Mocrep — I Like My Friends REVIEW

Edward Henderson
3 min readJul 9, 2019

On ‘I Like My Friends’ by Mocrep

Chicago-based interdisciplinary music and performance collective Mocrep have spent the past few years positioning themselves at the forefront of international avant-garde composition. They have performed Jennifer Walshe’s Barbie opera XXX_LIVE_NUDE_GIRLS, run workshops in at the Darmstadt Summer Course for New Music and Stanford University and collaborated with European composers interested in the messy, physical side of composition: Marcela Lucatelli, Neo Hülcker and my own group Bastard Assignments. Now they’ve made a studio album, I Like My Friends, or more precisely, as intoned in the opening track GUITARCENTER, “an expression of fluid, multivalent dynamics, associations which intersect artistic, spiritual and practical planes. It is a monument. It stands for experiences that define Mocrep for its members.”

If we take their word for it, I Like My Friends is a straightforward manifestation of Mocrep’s personal relationships and collaborative working practices. A response to the cultural landscape they find themselves within. The album is a polystylistic mix of pointillistic improvisations, mellow jazz numbers, vapourwave electronica, country, metal, rap and spoken word. Each genre is meticulously realised and the whole album has a glossily commercial sheen.

Although the polystylism, improvisation and collaboration of I Like My Friends has precedent in John Zorn’s Naked City, Mocrep’s album is remarkable for its avoidance of avant-garde signifiers. The material is never abrasive or discordant or minimal; they aren’t interested in repetition, noise or field recordings, atonality or bland consonance. As each digestible, pleasing track goes past, the subtle provocation of I Like My Friends accumulates. What if New Music could be fun? What if it sounded exactly like pop music (surely the most relentlessly ‘new’ of all music)?

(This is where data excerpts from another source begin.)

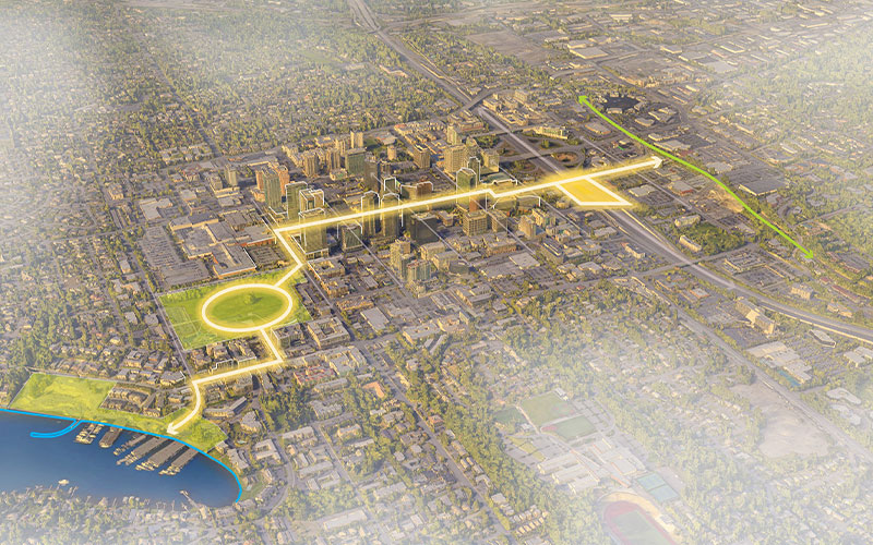 Bellevue Arts Museum members are invited to join a walking tour of the Grand Connection, Bellevue’s signature placemaking initiative that functions as a series of memorable spaces and pedestrian-focused experiences in the heart of downtown Bellevue. Inspired by the BAM Biennial 2021 Architecture and Urban Design and led by City of Bellevue planners, this walking tour will explore the 1.5-mile pathway through Bellevue’s downtown core. BAM members should be prepared to travel the full length of the tour, rain or shine.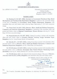 कर्नाटक में नौकरशाही फेरबदल देखने को मिला है मुख्यमंत्री सिद्धारमैया की सरकार ने एक साथ पांच भारतीय प्रशासनिक सेवा अधिकारियों का स्थानांतरण (IAS Transfer) किया है। ग्रामीण विकास एवं पंचायत राज विभाग सचिव समेत कई विभागों के निदेशक बदले गए हैं। दो आईएएस अफसरों को अतिरिक्त प्रभार सौंपा गया है। 13 अक्टूबर सोमवार को राज्यपाल के आदेश और नाम पर सरकार ने राज्य सरकार ने तबादले और नियुक्ति से संबंधित आदेश जारी कर दिया है।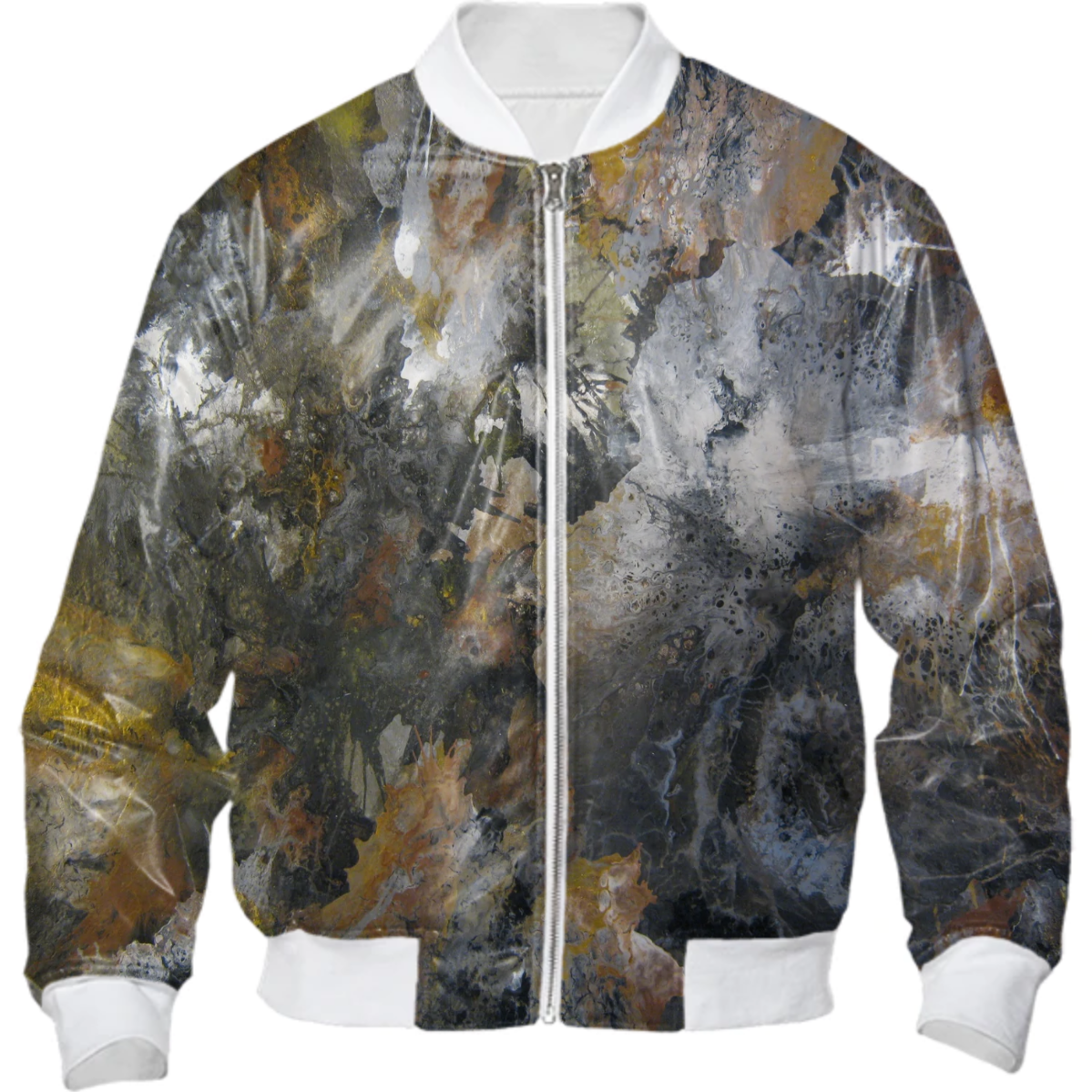 Light weight bombr jacket with your choice of white or black ribbing slight padding zip up front and side pockets. The inside is adorned with PAOM straps for swinging over your shoulders so you dont have to hold it.

Is I Like My Friends as straightforward as all that though? All I Need seems initially to be a pitch perfect disco pastiche. But then Jenna Lyle’s vocal climbs giddily into a superhuman, coloratura-helium register (a vocal performance that has shades of the stratospheric Ariel in Thomas Adès’s The Tempest) and combined with the banally affirmative lyrics, “I’m awesome, I’m beautiful…you are my best friend,” the track is nudged towards irony.

Similarly Intermezzo announces itself as a delicate chamber ensemble piece, like Britten ripping off Purcell with a Thom Yorke vocal floating over the top if Thom Yorke was a classically trained countertenor. But then there’s one too many tastefully unexpected harmony change, a gloriously over-egged false relation and finally a florid clarinet solo that pushes the track towards ludicrousness.

On the ballad David the transition from guitar accompaniment to organ to strings within the opening verses of the song has an almost subliminal absurdity. Mocrep frantically ticking off boxes associated with Bowie-esque/Britpoppy production choices. Nothing is wrong or unexpected; in fact there are too many generic signifiers, a subversive abundance of the predictable and the anticipated. The introduction features a stylistic note-bend on almost every note of the guitar line where you might expect one. Something similar happens in the anachronistic use of cadential trills in late Beethoven. Beethoven uses the trills to make a reference to Baroque style but rather than use them for emphasis at stylistically appropriate moments, fills pages of the late piano sonatas and string quartets with them, in the process, hollowing out their significance and meaning.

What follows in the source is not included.